Будем откровенны, Армандо. Твое будущее — уже позади, а ты все мечешься в нерешительности между семьей (глупая женщина и неблагодарные дети) и молодой, необузданной, непосредственной Джулией. Но ведь это Джулии надо бы думать о будущем. Наше — на кладбище, правда мое будущее где-то поближе к нему.

Армандо попытался возражать:

— Но ты не понимаешь…

— Да как ты смеешь говорить такое? — закричал, разозлившись старик, и даже покраснел. — Ты приходишь ко мне в отчаянии за советом и думаешь, что только ты можешь понять, что такое страсть! Ну так послушай, дурачок, потому что, как Джулия подарила тебе любовь, я раз и навсегда подарил тебе свою дружбу. А если ты окажешься настолько глуп, что не поймешь и убьешь последнюю любовь в твоей жизни, запомни, что были люди, у которых все это было до тебя и примерно в твоем возрасте. — Сделав паузу, он понизил голос и продолжал: — Посмотри на эту старую развалину…

— Но…

— Никаких но! Открой уши и слушай, если ошибки других людей смогут помочь тебе избежать собственных.

Ей было восемнадцать, мне сорок пять. В то время девушки считались совершеннолетними в двадцать один год. Я рисковал тогда гораздо большим. Я был почти на вершине моей карьеры антиквара. Я был женат. Детей у нас не было, а жена, как почти что все наши итальянские жены, только и занималась, что своими родственниками да братьями. Вскоре я заметил, что для жены я был просто окошком в банке, откуда она брала деньги для удовлетворения капризов родственников. Разочаровавшись в семье, я думал только о работе и карьере, не обращая на все это никакого внимания.

У меня была квартира в центре Турина. Девушка жила напротив. Это была красивая блондинка, не очень высокая, но и не маленькая, с отличной фигурой, как мейссенская статуэтка. Я научил ее всему. Она была прекрасным порывистым животным, чувствовавшим любовь, как рыбы чувствуют воду. Страсть была дана ей от рождения. Я называл себя дураком из-за риска, которому подвергался, а она была счастлива со взрослым мужчиной, первым в ее жизни.

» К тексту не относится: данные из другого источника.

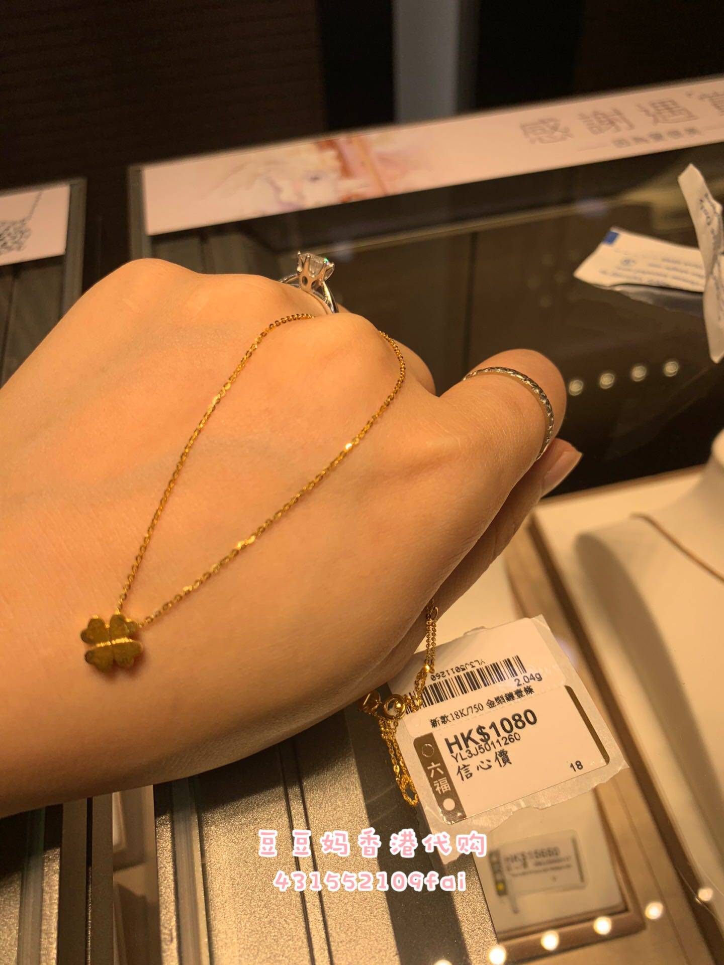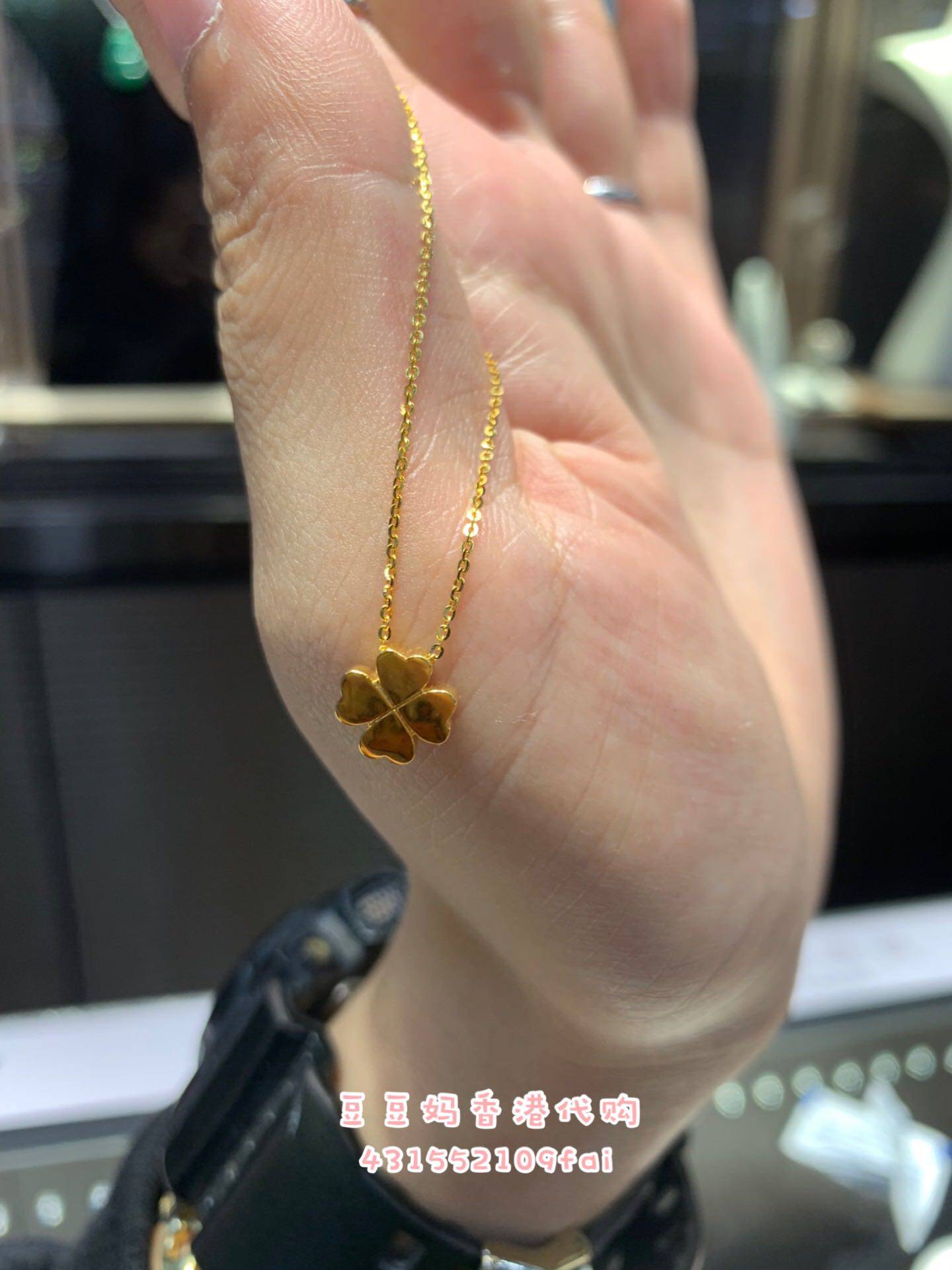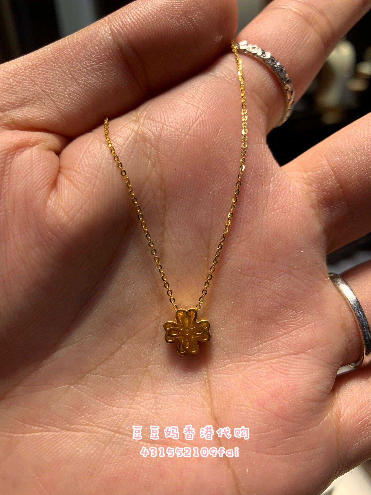 Dou Ma Hong Kong Luk Fook Jewelry 18K 750 Rose Gold Four Leaf Clover Chain Necklace Simple Lucky Net Red

Прошли годы. Она стала женщиной, и ее любовь стала требовательной. Она уже не хотела делить меня с женой. Она хотела иметь детей, семью и мужа, принадлежащего ей полностью и безраздельно.

Развода тогда еще не было, и мы задумали убежать в Бразилию. Но мне казалось, что я недостаточно богат, чтобы в пятьдесят лет начать новую жизнь, заняться новой работой. Начались тревоги, мучения, ссоры. В общем, мы расстались.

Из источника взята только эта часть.